ABRAMS: In legal terms, in First Amendment terms, no. Most of it was not. There was speaking involved.
HEFFNER: But if we forget the First Amendment terms for the moment?
ABRAMS: You asked me if it was speech. I don’t think it is speech to put a padlock on a door, no. But if you’re asking me if putting a padlock on a door attracts attention, it does. And if you then speak once you get the attention it did. So to that extent, it had its effect. But not without cost.
HEFFNER: What cost do you mean?
ABRAMS: Well, I think that you not only have to be very sure that you’re right. You have to be ready to pay the consequences for violating the law, and you ought to think out what you’re doing to the structure of the society in which you live as a whole by going ahead and knowingly, willfully, purposefully and for a greater good, so you thin, violating the social compacts so to speak that holds it together.
I’m in favor of that sometimes. I am. But it is a very serious act. And it is not something which I think, to take this case, it is not something which ought to be taken in circumstances in which beyond all the appeals to the University to change a policy that some students feel is unwise or, indeed, immoral, the students have not done everything they think that they can vis-à-vis the companies themselves that do business in South Africa. These students believe that they shouldn’t do any business.
Or even on a personal level. It is not entirely attractive for students to sit drinking coke who are protesting the fact that the university invests in Coca Cola. And it seems to me that once you start down the road of a protest which is to be judged on a purely moral level, putting law aside, then one is entitled to judge it just that way and to ask very, very strong questions about who’s doing it, and what are they doing, and what are the costs in general of what they are doing?

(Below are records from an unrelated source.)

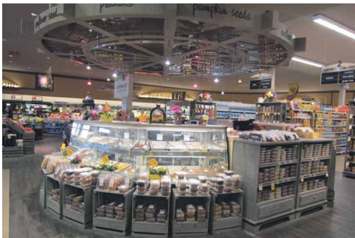
Zo'n Safeway heeft plek genoeg, dus is er ook nog ruimte voor een notenbar. Hemmes: "Bijzonder. Gezonde, natuurlijke producten. In zelfschep en voor u opgeschept in bakjes. Bij deze afdeling staan ook notenmaalmachines voor pinda's, amandelen en andere noten. Maar je kunt ze ook al gemalen meenemen, in die bakjes."
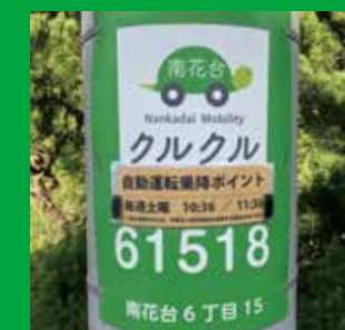
定時定ルート乗降ポイント
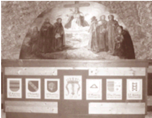
Der restaurierte Altar in der Sieben-Väter-Kapelle

und Wege wurden Aussichtsplätze, Andachtsstätten sowie ein Kreuzweg errichtet, Grotten wurden zu Kapellen umgestaltet. Der Weg um den sogenannten Residenzberg, der hinter der Servitenkirche beginnt, trägt heute noch den Namen „Galitzin-Steig“. Im 19. Jahrhundert war die Anlage weithin berühmt und wurde von den Zeitgenossen als einzigartig beschrieben. In den vergangenen Jahrzehnten in Vergessenheit geraten, waren auch die einzelnen Stationen des Weges dem Verfall
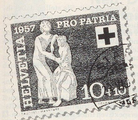
Samariterbildnis auf Briefmarken.

geben will. Dieser Kurs ist der erste Schritt zu einer Angebotspalette mit neuen Kursen, die sich an bestimmte Bevölkerungsgruppen richten. Gegenwärtig erarbeitet der Samariterbund einen Kurs, der speziell auf die Bedürfnisse der Senioren ausgerichtet ist. Zusammen mit dem SRK veranstalten die Samaritervereine seit jeher auch Kurse in der häuslichen Krankenpflege.
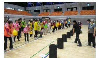
手のひらターゲット
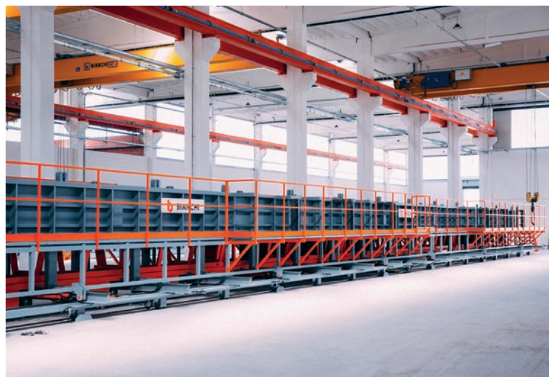
Wielosekcyjna forma słupowa.

Dzięki synergii technicznej między działami „Bianchi Prefabbricati” a „Bianchi Technology for Precast”, klienci będą mieli okazję zobaczyć i dotknąć maszyny podczas pracy, przeprowadzić sesje szkoleniowe oraz zaczerpnąć wiedzy specjalistycznej od naszych techników.
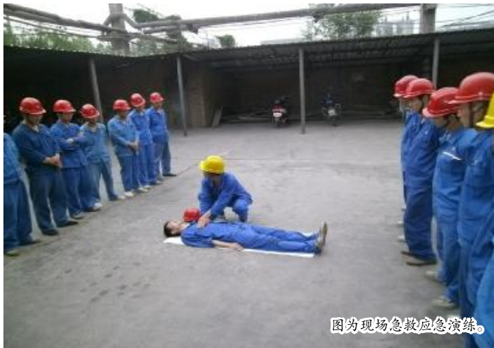
图为现场急救应急演练。
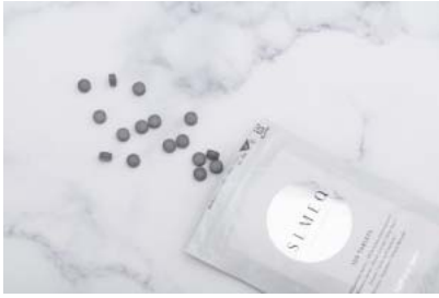
ダイエットサプリ
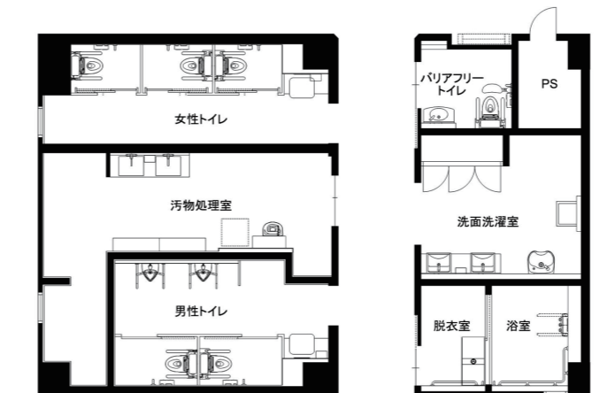
5F東病棟 改修後トイレ図面
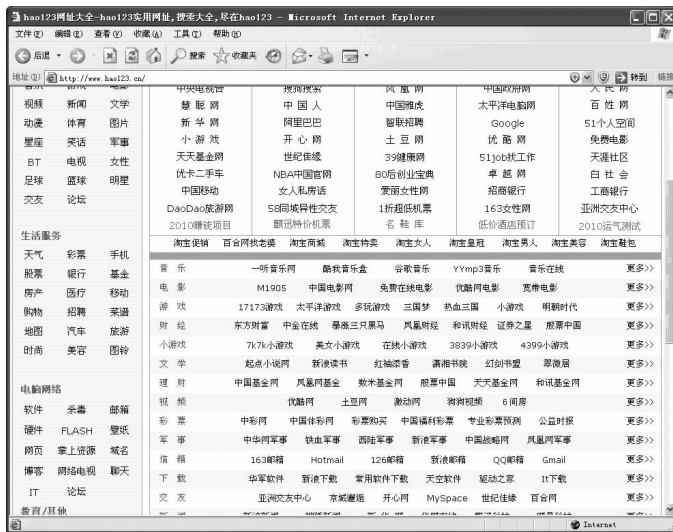
图 1-17 “hao123”网页
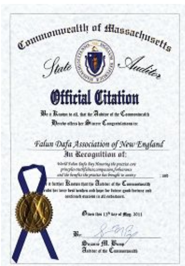
麻州审计厅厅长苏珊·班彭 (Suzanne Bump) 褒奖令
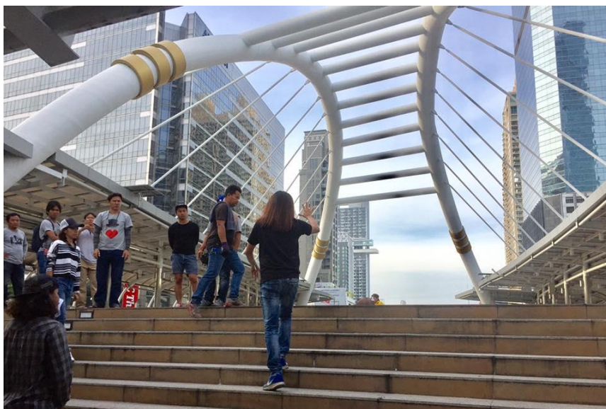
รูปที่ 4.5 จุดสถานที่ก่อนถ่ายทำ 1

การจุดสถานที่ในการถ่ายทำนั้น เป็นสิ่งสำคัญ เพื่อให้ช่างภาพ รู้ว่า ตำแหน่งของนักแสดงจะยืนอยู่ในตำแหน่งทิศทางใดจะต้องถ่ายตรงมุมไหนก่อนแล้วใช้เลนส์อะไรขึ้นอยู่ที่ช่างภาพจะได้บอกให้กับผู้ช่วยช่างภาพ อีกทีว่า ต้องเตรียมเลนส์อะไรบ้าง
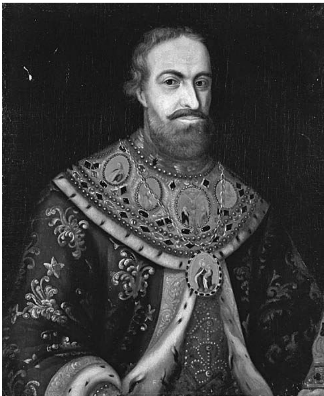
Неизвестный художник. Портрет патриарха Филарета Никитича Романова.

В общих чертах содержание этих исповедей не отличалось от таких же текстов, предназначенных для простых мирян, но некоторые различия все же имелись. В частности, в «Покаянных вопросах» подробно рассматривались не только нравственный облик властителя, его отношение к законам, поведение и высказывания, но и обстоятельства его прихода к власти. Это свидетельствовало о неустойчивом положении Романовых и желании при возможном повороте событий заранее определить критерии нравственной оценки будущего государя.
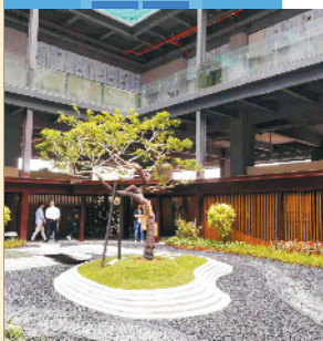
为了抢客,不少楼盘赶制出临时样板房
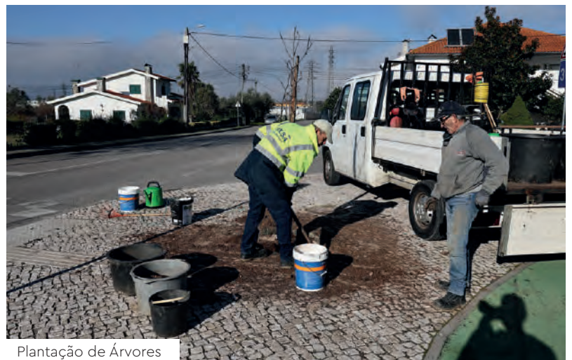
Plantação de Árvores
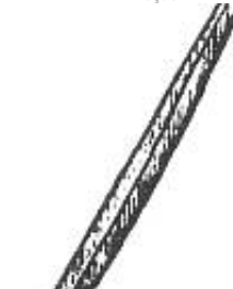
Afirmção 4 B
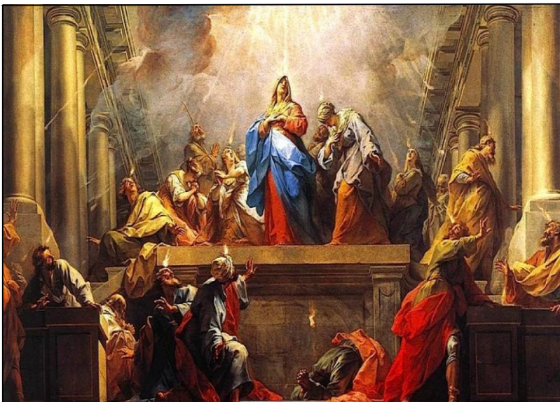
Πεντηκοστή, η κάθοδος του Αγίου Πνεύματος

Έχεις εσύ αυτή την αίσθηση της καθοδήγησής Του;
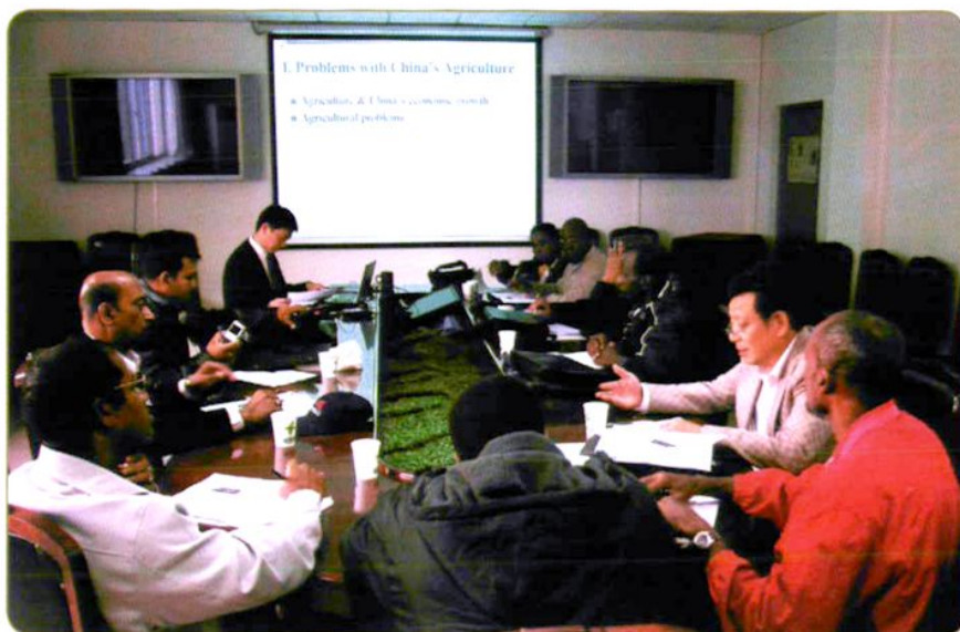
2006年10月农经所科研人员在农业部国际合作司举办的“中国农业管理项目培训班”上为中美洲及加勒比地区国家的学员做学术报告
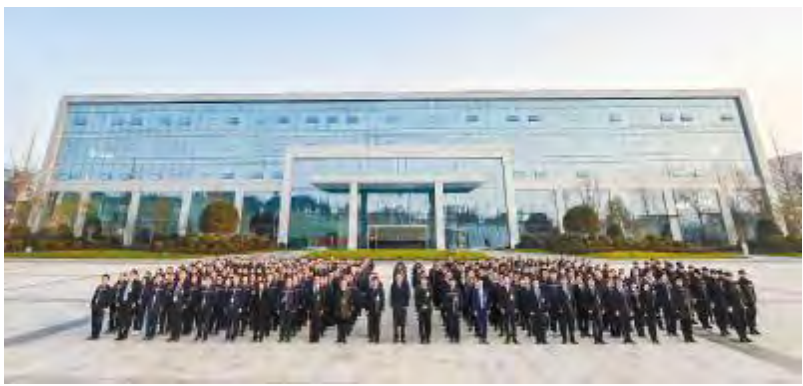
通威太阳能新年首次升旗仪式在新办公区广场隆重举行
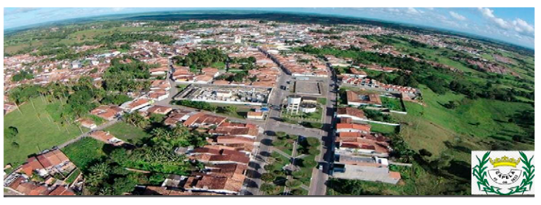
Imagem 6. Vista aérea da cidade de Capela
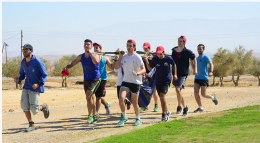
יום צה"ל
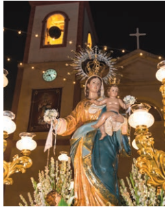
Fiestas en honor a la Virgen del Rosario Octubre - October
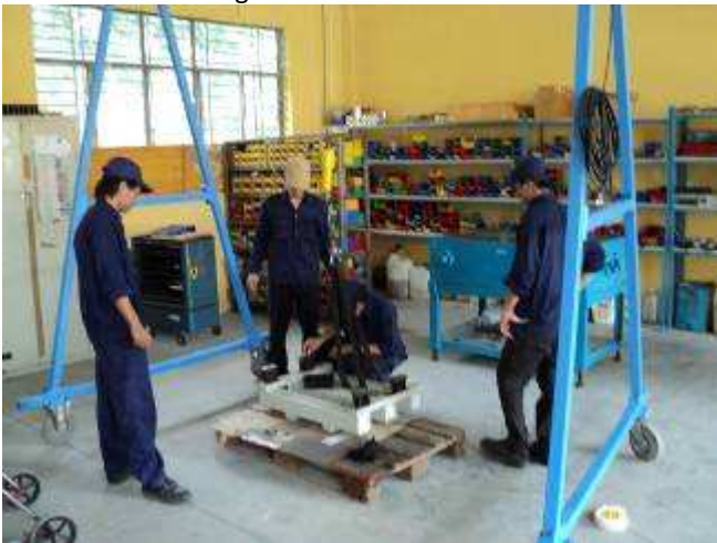
Photo 7: Am 09.06 2011 geht es weiter mit Schaben an der Drehmaschine. Wir sind froh um die Kranlösung.
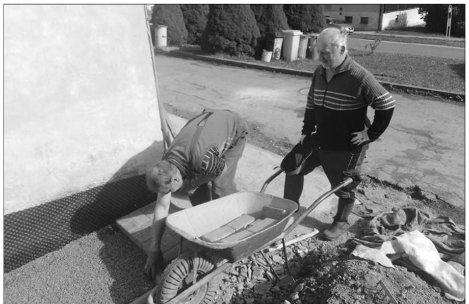
Letos se pracovalo také na odvodnění bytovek na Malé Moravě.
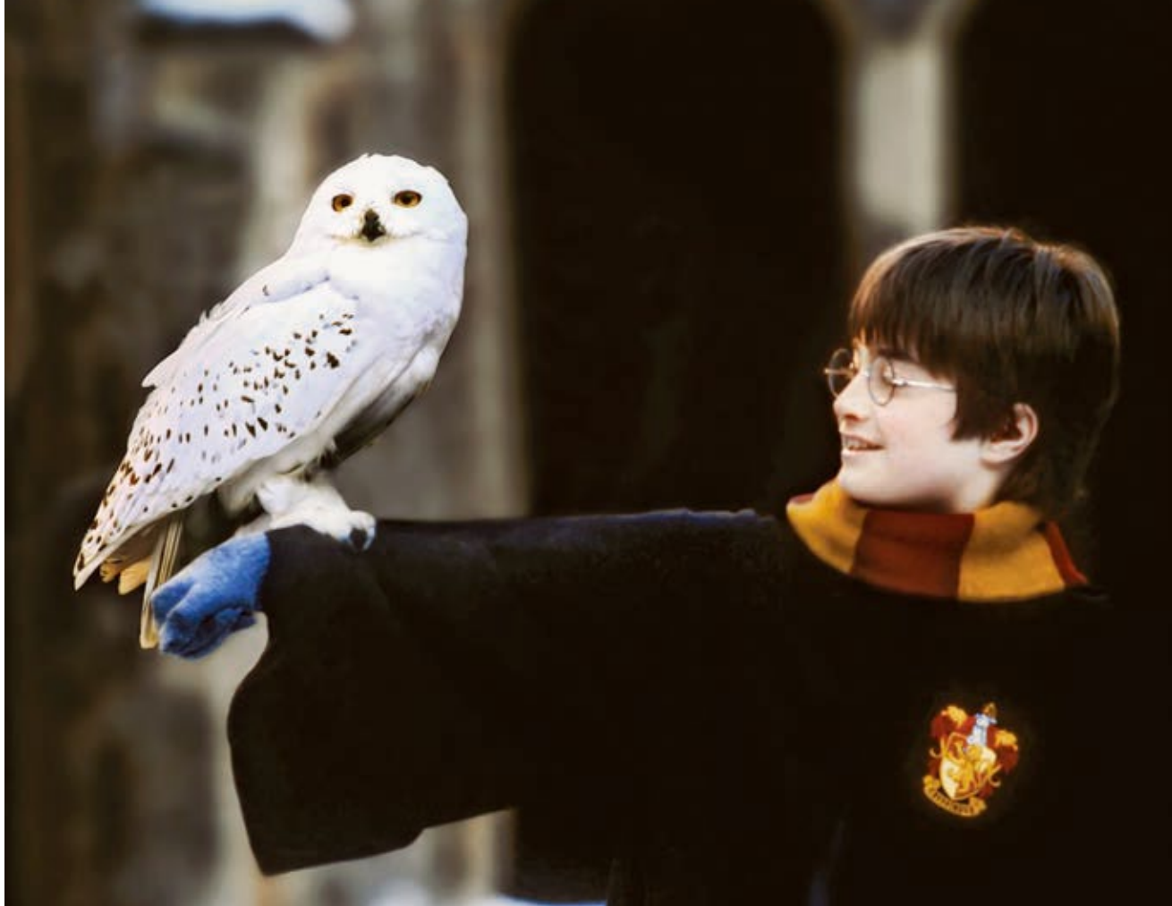
ВЫШЕ: Гарри Поттер и Букля. Кадр из фильма «Гарри Поттер и философский камень»
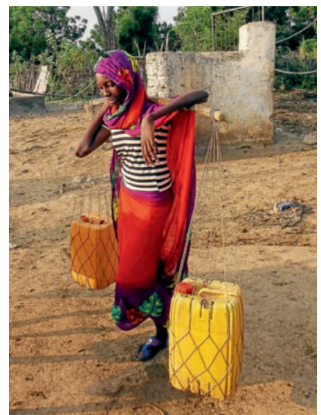
Wer keinen Esel hat, muss die schwere Last selbst tragen
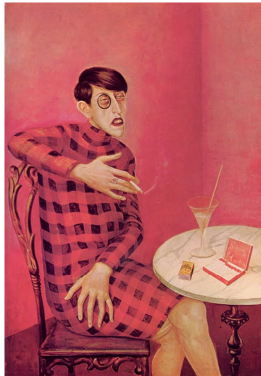
Abb. 3 Otto Dix: Bildnis der Journalistin Sylvia von Harden, 1926, Öl und Tempera auf Holz, 121 x 89 cm, Centre Pompidou Paris

War die Zigarette im 19. Jahrhundert mit den Haremsdamen und Prostituierten auf der einen Seite verbunden, so auf der anderen Seite mit weiblicher Emanzipation, die als Vermännlichung der Frau herabgesetzt wurde. Karikierende Postkarten um 1900 zeigen rauchende Frauen als Teil der Frauenbewegung, deren Ziele als absurde Umkehrung der Geschlechterverhältnisse verspottet wurden Abb. 2 (siehe folgende Seite). Noch bis ins 20. Jahrhundert haftete rauchenden Frauen etwas Anrühiges und Provokatives an. In Else Urys Erzählung Studierte Mädel (1905) etwa erfährt die paffende Gymnasiastin Hilde Dahlen, dass ihre Freundinnen Rauchen »greulich emanzipiert« finden, und der Lehrer Doktor Werner ist über Hildes Verhalten entsetzt: »Sie rauchen, Fräulein Dahlen? ich hätte Sie nicht für so unweiblich gehalten«. 3

HEFFNER: Roger, did you find any other sympathies during this exchange?
ROSENBLATT: No, but my absence of sympathy was built ten to fifteen years ago in such things during the demonstrations of the late 60s. At that time, as you know, I was teaching full time and the demonstrations that I saw were in Harvard in 1969 and they were very ugly. In fact, one of the things that I noticed, and Floyd and I’d discussed before, is the relative tameness of this demonstration compared to Columbia 1968, Harvard 1969, and other institutions around the country. What’s interesting in that difference though, is that it still doesn’t look good.
HEFFNER: What do you mean, look good?
ROSENBLATT: Well, in the late 60s you had some very rough stuff going on. It wasn’t a matter of people just locking a padlock. People were thrown out of offices, people punched and shoved around, and there was a terrific panic, a panic with which one can sympathize, which wasn’t understood in the country at the time because it wasn’t only traceable to whatever demonstration was going on intra-university, but it had to do with Viet Nam and all the things that were making the country terribly shaky and anxious at that time, too.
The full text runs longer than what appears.